## WHAT NEEDS TO BE DONE
Starting at the top of the listing, extract every line up to and including the one with "Drill a ¼ in". Pictures stay out of the copy.

## PROVIDED MATERIAL
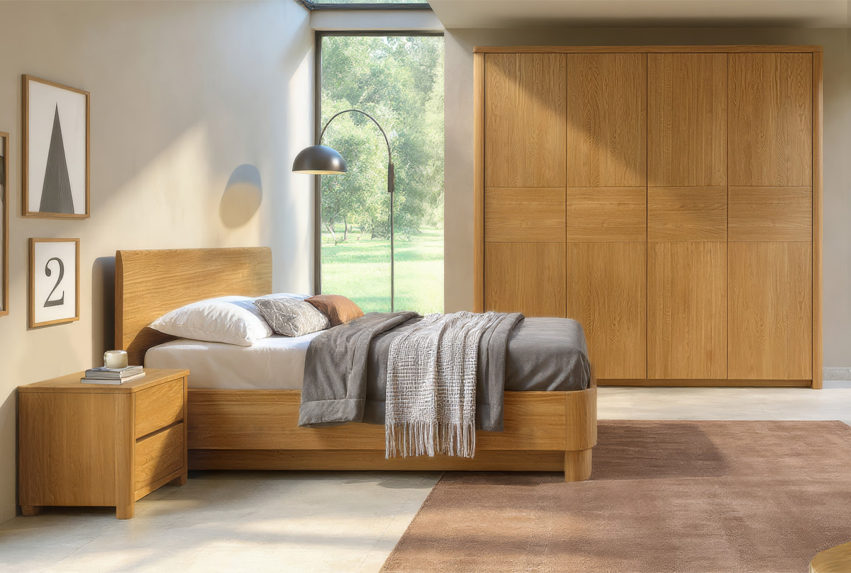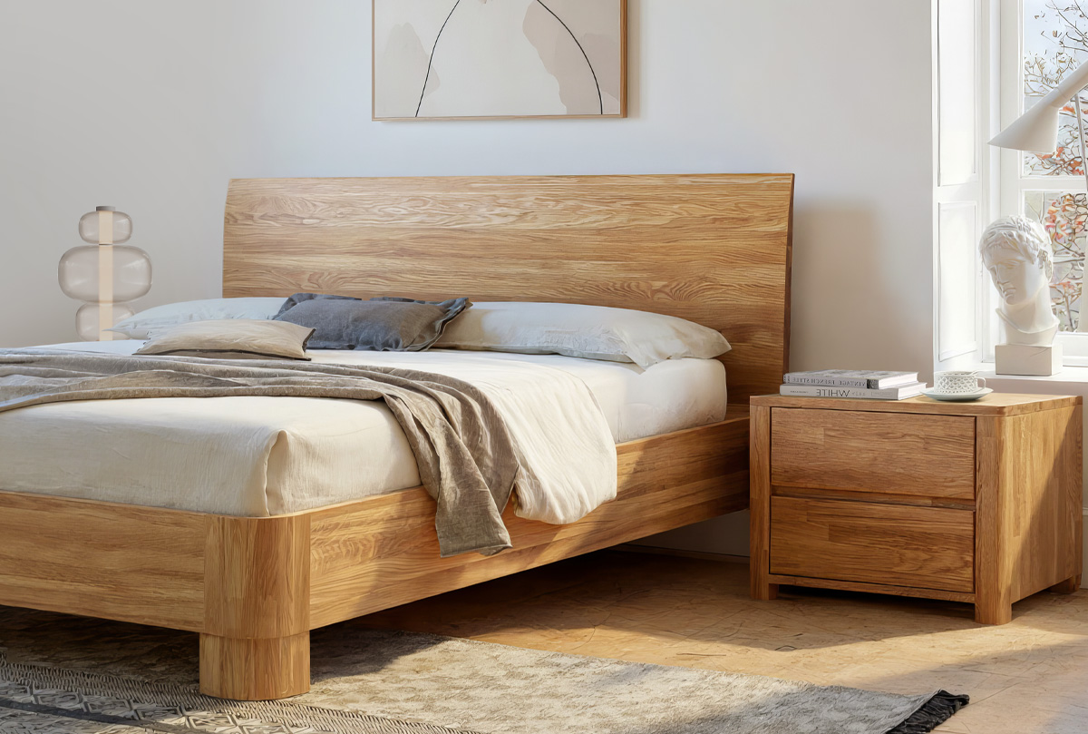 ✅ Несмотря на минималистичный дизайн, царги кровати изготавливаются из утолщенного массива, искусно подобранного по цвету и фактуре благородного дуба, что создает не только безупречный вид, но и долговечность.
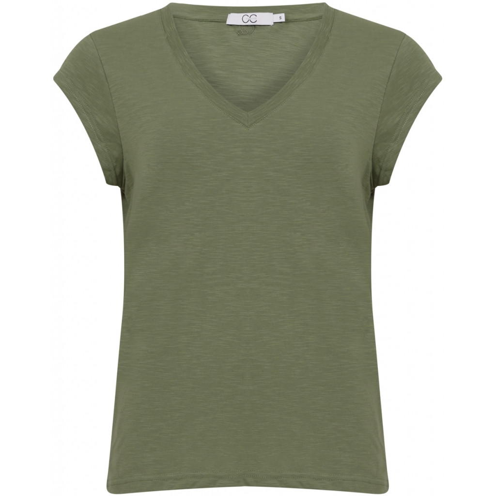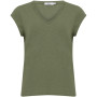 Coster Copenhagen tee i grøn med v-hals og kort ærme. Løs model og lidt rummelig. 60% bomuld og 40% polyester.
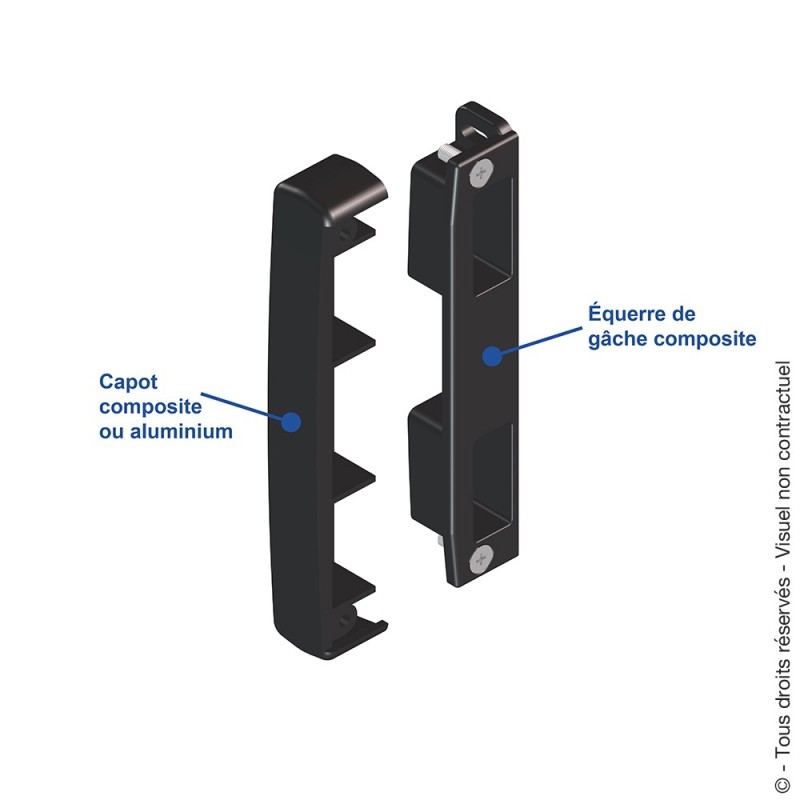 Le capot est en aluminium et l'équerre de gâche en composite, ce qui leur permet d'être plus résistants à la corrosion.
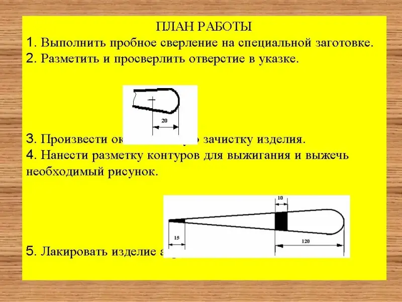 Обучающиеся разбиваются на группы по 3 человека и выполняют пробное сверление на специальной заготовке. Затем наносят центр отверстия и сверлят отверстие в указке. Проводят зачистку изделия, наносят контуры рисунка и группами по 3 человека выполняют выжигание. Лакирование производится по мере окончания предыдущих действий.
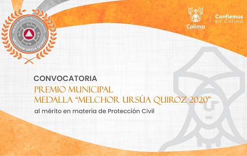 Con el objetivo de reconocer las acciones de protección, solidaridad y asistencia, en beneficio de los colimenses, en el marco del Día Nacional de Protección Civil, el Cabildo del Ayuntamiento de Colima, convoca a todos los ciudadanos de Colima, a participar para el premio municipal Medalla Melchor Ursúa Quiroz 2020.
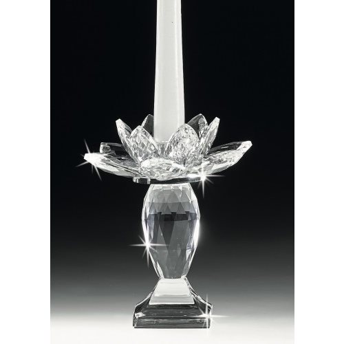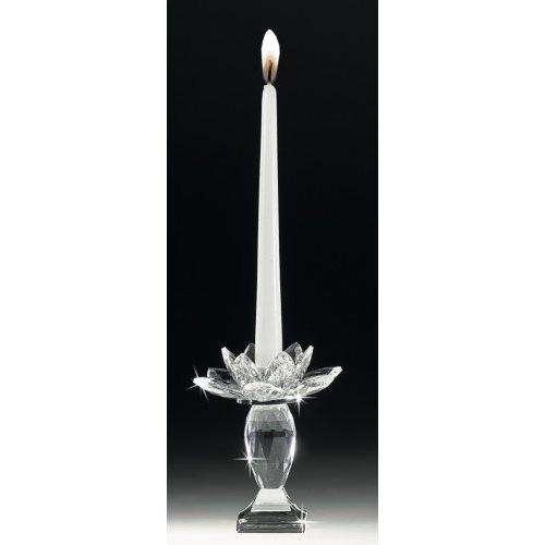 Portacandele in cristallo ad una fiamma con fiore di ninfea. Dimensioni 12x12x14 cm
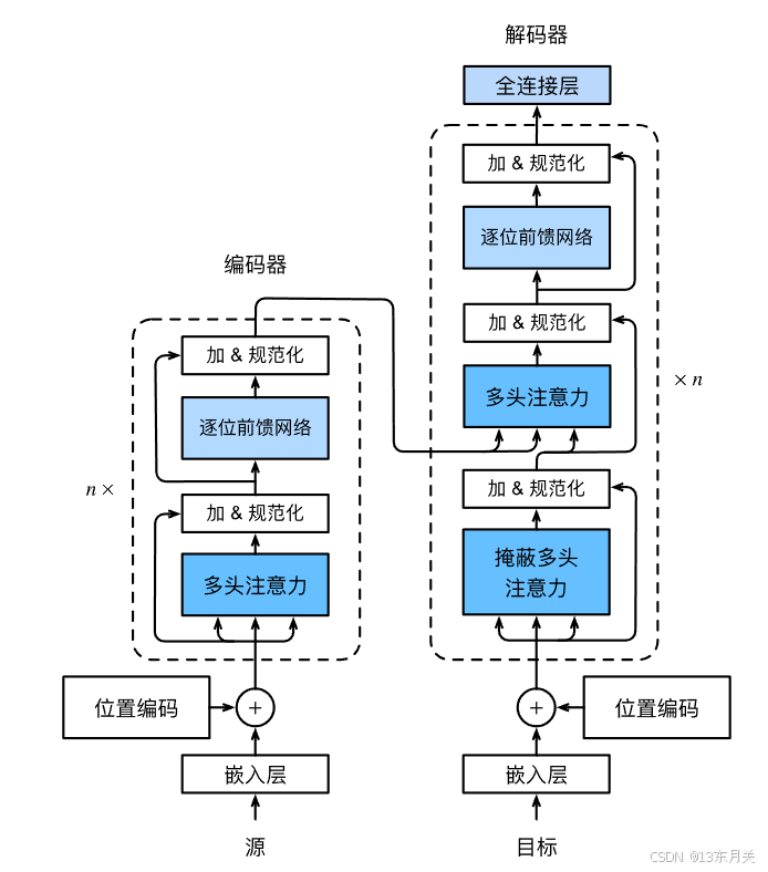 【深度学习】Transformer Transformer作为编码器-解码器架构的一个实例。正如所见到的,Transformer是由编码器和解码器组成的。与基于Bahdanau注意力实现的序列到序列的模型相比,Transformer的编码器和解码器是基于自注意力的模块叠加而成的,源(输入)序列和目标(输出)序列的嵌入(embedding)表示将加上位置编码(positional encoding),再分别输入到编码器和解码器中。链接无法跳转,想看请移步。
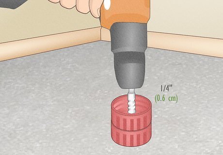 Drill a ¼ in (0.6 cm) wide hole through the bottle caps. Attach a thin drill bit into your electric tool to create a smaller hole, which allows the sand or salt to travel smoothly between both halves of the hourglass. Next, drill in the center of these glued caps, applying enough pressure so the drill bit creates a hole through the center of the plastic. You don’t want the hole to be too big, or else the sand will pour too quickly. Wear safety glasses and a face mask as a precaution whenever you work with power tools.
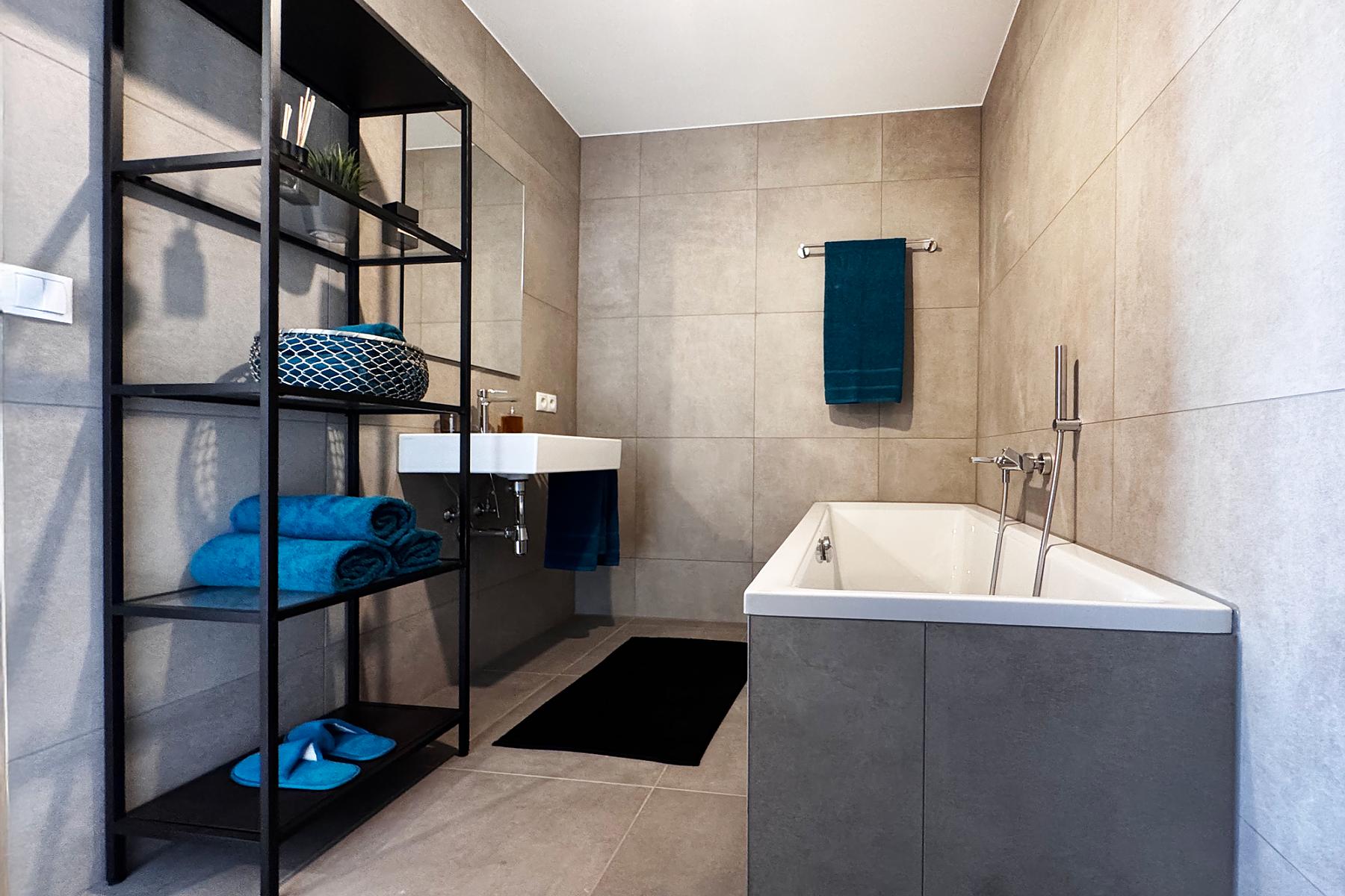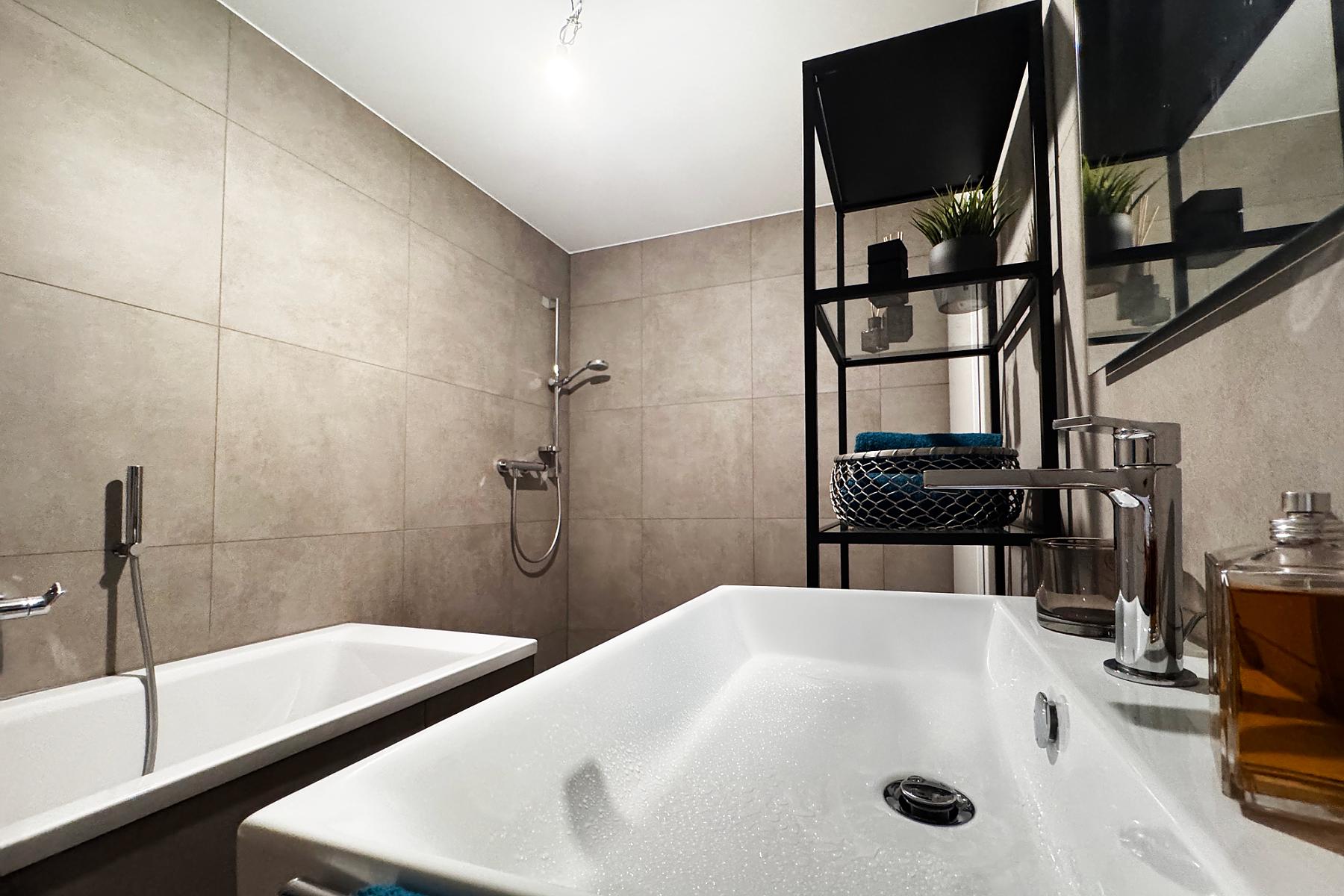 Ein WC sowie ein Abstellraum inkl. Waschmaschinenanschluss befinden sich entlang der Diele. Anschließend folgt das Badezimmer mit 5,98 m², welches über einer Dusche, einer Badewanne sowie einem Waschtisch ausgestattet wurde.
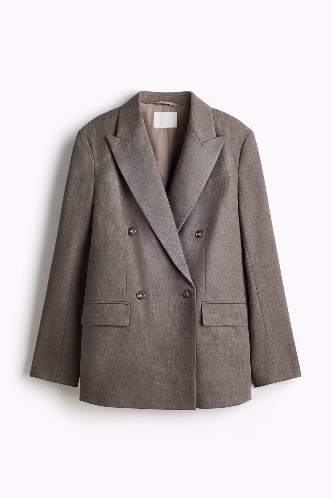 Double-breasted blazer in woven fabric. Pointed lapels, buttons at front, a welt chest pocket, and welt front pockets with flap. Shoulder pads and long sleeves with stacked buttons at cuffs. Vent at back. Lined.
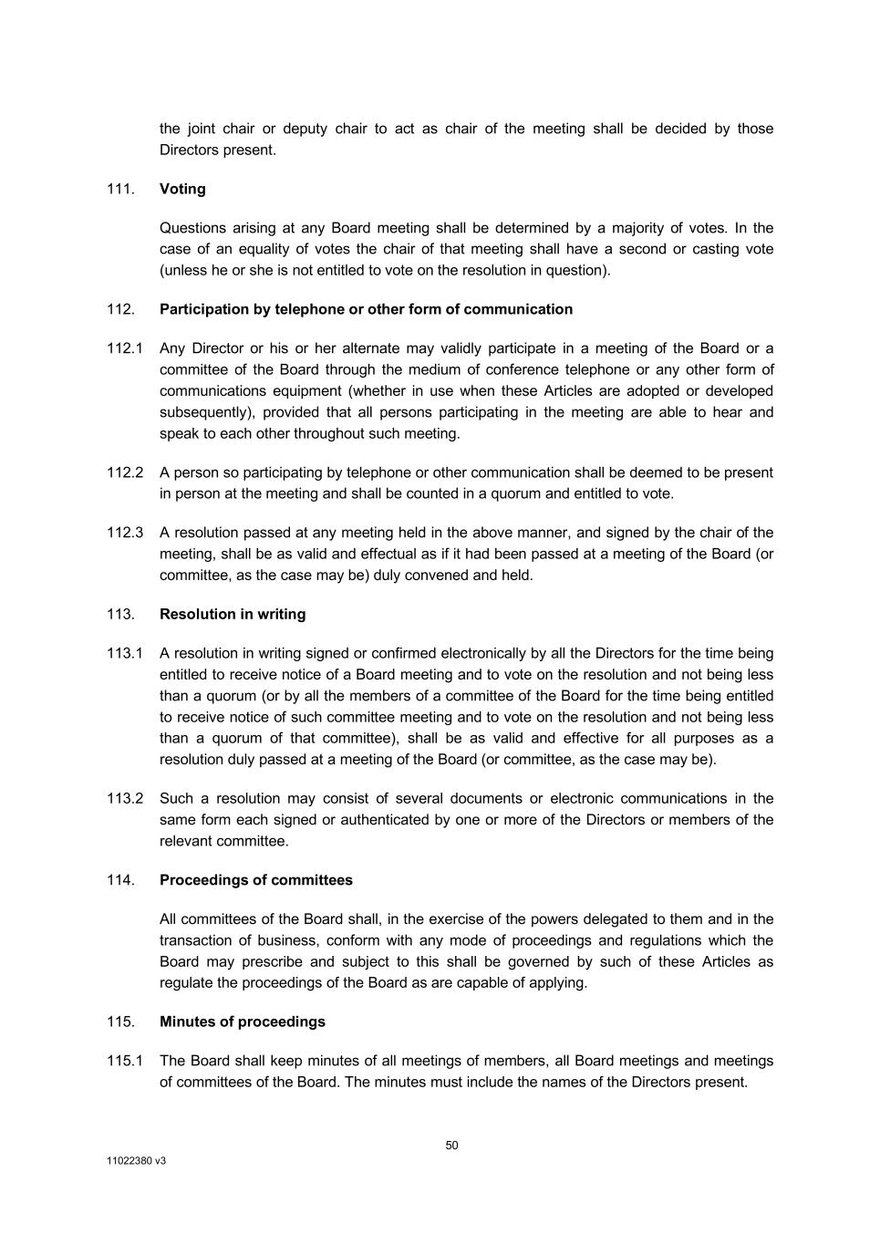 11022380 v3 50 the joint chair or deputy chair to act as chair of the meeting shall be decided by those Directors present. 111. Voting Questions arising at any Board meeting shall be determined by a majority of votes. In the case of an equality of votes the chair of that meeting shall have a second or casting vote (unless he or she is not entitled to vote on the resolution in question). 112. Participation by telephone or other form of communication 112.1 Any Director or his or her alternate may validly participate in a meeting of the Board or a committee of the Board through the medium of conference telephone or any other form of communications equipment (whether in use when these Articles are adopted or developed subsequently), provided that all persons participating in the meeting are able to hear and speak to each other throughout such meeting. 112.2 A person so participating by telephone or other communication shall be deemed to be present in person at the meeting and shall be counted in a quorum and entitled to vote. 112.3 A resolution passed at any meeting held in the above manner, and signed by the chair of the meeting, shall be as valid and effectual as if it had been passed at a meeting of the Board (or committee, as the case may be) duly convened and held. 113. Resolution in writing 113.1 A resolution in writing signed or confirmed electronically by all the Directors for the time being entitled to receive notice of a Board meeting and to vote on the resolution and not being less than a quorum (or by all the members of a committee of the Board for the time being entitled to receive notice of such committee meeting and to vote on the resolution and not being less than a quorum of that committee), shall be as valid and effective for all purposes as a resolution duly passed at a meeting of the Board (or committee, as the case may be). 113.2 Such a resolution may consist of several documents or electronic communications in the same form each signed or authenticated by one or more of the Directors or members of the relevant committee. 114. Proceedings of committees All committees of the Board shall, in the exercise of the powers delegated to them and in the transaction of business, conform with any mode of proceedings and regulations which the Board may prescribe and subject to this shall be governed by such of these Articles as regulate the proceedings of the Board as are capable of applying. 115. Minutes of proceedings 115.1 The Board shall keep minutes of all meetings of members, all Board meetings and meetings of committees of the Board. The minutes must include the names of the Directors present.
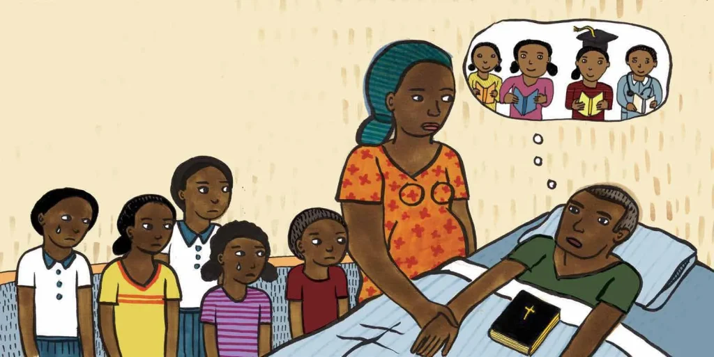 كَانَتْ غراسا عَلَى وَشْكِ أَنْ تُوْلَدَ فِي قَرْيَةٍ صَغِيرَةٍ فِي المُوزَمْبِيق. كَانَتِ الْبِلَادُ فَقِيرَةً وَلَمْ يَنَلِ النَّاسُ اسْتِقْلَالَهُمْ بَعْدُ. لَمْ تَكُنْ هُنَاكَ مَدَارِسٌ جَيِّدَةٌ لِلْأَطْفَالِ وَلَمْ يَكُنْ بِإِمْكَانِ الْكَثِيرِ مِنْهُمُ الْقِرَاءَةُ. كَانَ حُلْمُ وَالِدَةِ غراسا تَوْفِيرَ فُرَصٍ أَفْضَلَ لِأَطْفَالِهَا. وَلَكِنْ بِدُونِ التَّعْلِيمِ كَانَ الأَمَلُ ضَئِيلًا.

## SOLVED EXERCISE
 ✅ Несмотря на минималистичный дизайн, царги кровати изготавливаются из утолщенного массива, искусно подобранного по цвету и фактуре благородного дуба, что создает не только безупречный вид, но и долговечность.
 Coster Copenhagen tee i grøn med v-hals og kort ærme. Løs model og lidt rummelig. 60% bomuld og 40% polyester.
 Le capot est en aluminium et l'équerre de gâche en composite, ce qui leur permet d'être plus résistants à la corrosion.
 Обучающиеся разбиваются на группы по 3 человека и выполняют пробное сверление на специальной заготовке. Затем наносят центр отверстия и сверлят отверстие в указке. Проводят зачистку изделия, наносят контуры рисунка и группами по 3 человека выполняют выжигание. Лакирование производится по мере окончания предыдущих действий.
 Con el objetivo de reconocer las acciones de protección, solidaridad y asistencia, en beneficio de los colimenses, en el marco del Día Nacional de Protección Civil, el Cabildo del Ayuntamiento de Colima, convoca a todos los ciudadanos de Colima, a participar para el premio municipal Medalla Melchor Ursúa Quiroz 2020.
 Portacandele in cristallo ad una fiamma con fiore di ninfea. Dimensioni 12x12x14 cm
 【深度学习】Transformer Transformer作为编码器-解码器架构的一个实例。正如所见到的,Transformer是由编码器和解码器组成的。与基于Bahdanau注意力实现的序列到序列的模型相比,Transformer的编码器和解码器是基于自注意力的模块叠加而成的,源(输入)序列和目标(输出)序列的嵌入(embedding)表示将加上位置编码(positional encoding),再分别输入到编码器和解码器中。链接无法跳转,想看请移步。
 Drill a ¼ in (0.6 cm) wide hole through the bottle caps. Attach a thin drill bit into your electric tool to create a smaller hole, which allows the sand or salt to travel smoothly between both halves of the hourglass. Next, drill in the center of these glued caps, applying enough pressure so the drill bit creates a hole through the center of the plastic. You don’t want the hole to be too big, or else the sand will pour too quickly. Wear safety glasses and a face mask as a precaution whenever you work with power tools.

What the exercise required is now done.